Collection of Ear Swab
 Use sterile swab stick

 Collect under direct vision
 Do not instill antibiotic / antiseptic into the ear prior to collection
 Allow the swab to soak in the exudate for 10 seconds
 Place in sterile container (plugged / screw capped test tube), label and transport immediately.
Collection of Eye Swab (CORNEAL/ CONJUNCTIVAL)
 Moisten the swab in sterile normal saline

 Hold the swab parallel to the cornea and gently rub the lower conjunctiva
 Place in sterile container (plugged / screw capped test tube), label and transport immediately.
Collection of Urine: CLEAN CATCH
Urine in non-catheterized individuals

 Provide adequate instructions on what to collect (mid-stream) and how much to collect (5ml) and
container (screw capped sterile container) to be used, to patients for clean catch mid-stream urine
specimens. In case there is likely to be a delay in transport, refrigerate the specimen ( 4°C)
 Men: Retract the prepuce and clean the urethral meatus with soap and
water. Collect mid-stream urine.
 Women: Clean the periurethral area with soap and water, movement
being directed front to back. Repeat twice. Collect mid-stream urine.

Urine –catheterized
 Decontaminate / Disinfect catheter specimen port with alcohol wipe.
 Using a sterile syringe and needle collected 5 ml urine form catheter specimen port.
 Transfer the specimen to the appropriate urine container ( screw capped containers, sterile)
 In case there is likely to be a delay in transport, refrigerate the specimen
(4°C)
Urine – Suspected tuberculosis

 Early morning urine , 25-30 ml, on three to five consecutive days
Collection of Stool Specimen:
 Collect fresh stool specimen in a decontaminated and well rinsed bed pan.
 Transfer one teaspoonful to the appropriate screw capped container.
Collection of Skin, Nail and Hair for fungal examination:
Collect skin scraping, hair and nail clippings in a petridish / test tube and maintain at room
temperature
a) Skin scrapings
 Identify the site of lesion from where collection is to be made.
[An appropriate lesion is peripheral, erythematous, growing margins of typical ring worm lesion.]
 Inform the patient about the procedure.
 Collect specimen with strict aseptic precautions.
 Make patient sit comfortably.

 Clean the identified lesion thoroughly with 70% alcohol to remove the surface bacterial
contamination.
 Using sterile scalpel blade surface collect multiple scrapings from the identified lesion preferably from
the edge of lesion including the adjacent healthy skin.
 Collect the specimen in petri dish, filter paper or clean paper.
b) Nail
 Clean the affected nail with spirit
 Collect debris under the nail with scalpel in petridish
 Pick up flakes after wetting loop with sterile saline from petridish for processing
 If nail is avulsed then it should be cut in small pieces for processing.
c) Hair:
 Hair should be collected from areas of scaling or alopecia.
 Clean the affected area with spirit.
 With sterilized forceps, pluck hair or stubs (at least 10-12) in grey patch or scrape with scalpel in black
dot type of hair infection.
d) Skin Biopsy
 Decontaminate skin with 70% methylated spirit / alcohol.
 Select the edge of the lesion.
 Take a biopsy with autoclaved instrument under all aseptic measures.
 Cut biopsy tissue in small pieces and crush in mortal and pestle.
e) Mycetoma granules
 From suspected mycetoma, look for granules in the lesions using hand lens.
 Wash the granules in several changes of sterile distilled water
 Crush the granules and then inoculate.

 If granules are absent collect the purulent/necrotic material.

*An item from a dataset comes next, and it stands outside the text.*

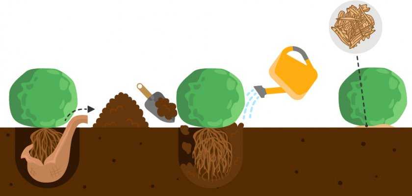 - Хорошо уплотните почву в приствольной зоне, полейте и замульчируйте грунт, чтобы надолго сохранить влагу в земле.

f) Ophthalmic specimens - corneal scrape and conjunctival scraping
 To be collected only by ophthalmologist.
 After anaesthetizing the eye with local anaesthetics, retract the lid with retractor.
 Using the blunt edge of sterile scalpel blade, scrape the ulcerated area away from the pupillary area.
 Wipe the scrapings on a sterile swab stick wetted with broth
 Collect more scrapings in similar way for smear and KOH mount.
Collection of Pus
 Aspirate pus through a sterile syringe and needle where possible.

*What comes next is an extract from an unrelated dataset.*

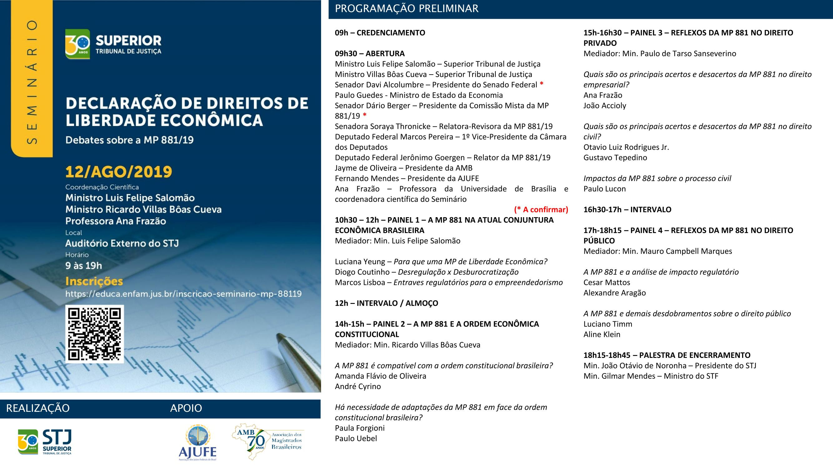O primeiro painel, às 10h30, abordará "A MP 881/2019 na atual conjuntura econômica brasileira", com mediação do ministro Luis Felipe Salomão. Com o tema "A MP 881 e a ordem econômica constitucional", o segundo painel será mediado pelo ministro Villas Bôas Cueva. O ministro Paulo de Tarso Sanseverino mediará o painel "Reflexos da MP 881 no direito privado". O quarto e último painel terá a mediação do ministro Mauro Campbell Marques e tratará dos "Reflexos da MP 881 no direito público". O encerramento do seminário contará com a presença do presidente do tribunal, ministro João Otávio de Noronha, e uma palestra do ministro do Supremo Tribunal Federal (STF) Gilmar Mendes. Chapecó, 09/08/2019, sexta-feira. (Com informações do STJ).

 Transfer a portion (1-2ml) to a screw capped sterile container(test tube)
 For anaerobic organisms, transfer specimen to Robertson’s cooked meat medium / Thioglycollate
medium for culture. The medium is available from media room, Department of Microbiology, 4th floor
college building and in Emergency Laboratory.
Collection of Wound Swab:
 Not a good quality specimen

 Aspirated fluid / tissue preferred
 If swabs only can be collected, use a sterile swab.
 Clean the wound with sterile distilled water / normal saline wipes.
 Place the swab in the wound and rotate gently for 10 seconds allowing the secretions to be soaked.

 Place in a sterile labeled container (test tube, plugged / screw capped) aseptically and transport
immediately to lab.
 Collect more than one swab if possible.
2.5. Sample collection for Newborn screening
Urine on Filter paper- UFP
 Make sure that all the information in the Card is duly filled and recheck with the Parents.
 The Sample can be collected with one of the methods mentioned
Method I
a. Hold the green portion of the filter paper to collect the sample
b. Hold the filter paper close to the genital area of your baby until your baby passes urine
directly on it.
Method II
a. Hold the green portion of the filter paper to collect the sample

b. Collect 20-25 ml of urine in a clean sterile plastic container. Hold the filter paper from the
colored end and soak it in the collected urine sample.
 Thoroughly Air Dry by hanging with clip or keeping on a clean, flat and STERILE surface for around half
an hour to one hour.
 Mail completed form with sample to the laboratory soon after collection and drying the same.
Dried blood spot- DBS
Make sure that all the information in the Card is duly filled and recheck with the Parents.
 Visually demarcate the site
 Shaded area ( //////// ) indicates safe areas for puncture site
 The safest area can be visualized as median to a line drawn posteriorly from the middle of greater
toe to the heel or lateral to a line drawn from between the 4th and 5th toe to the heel.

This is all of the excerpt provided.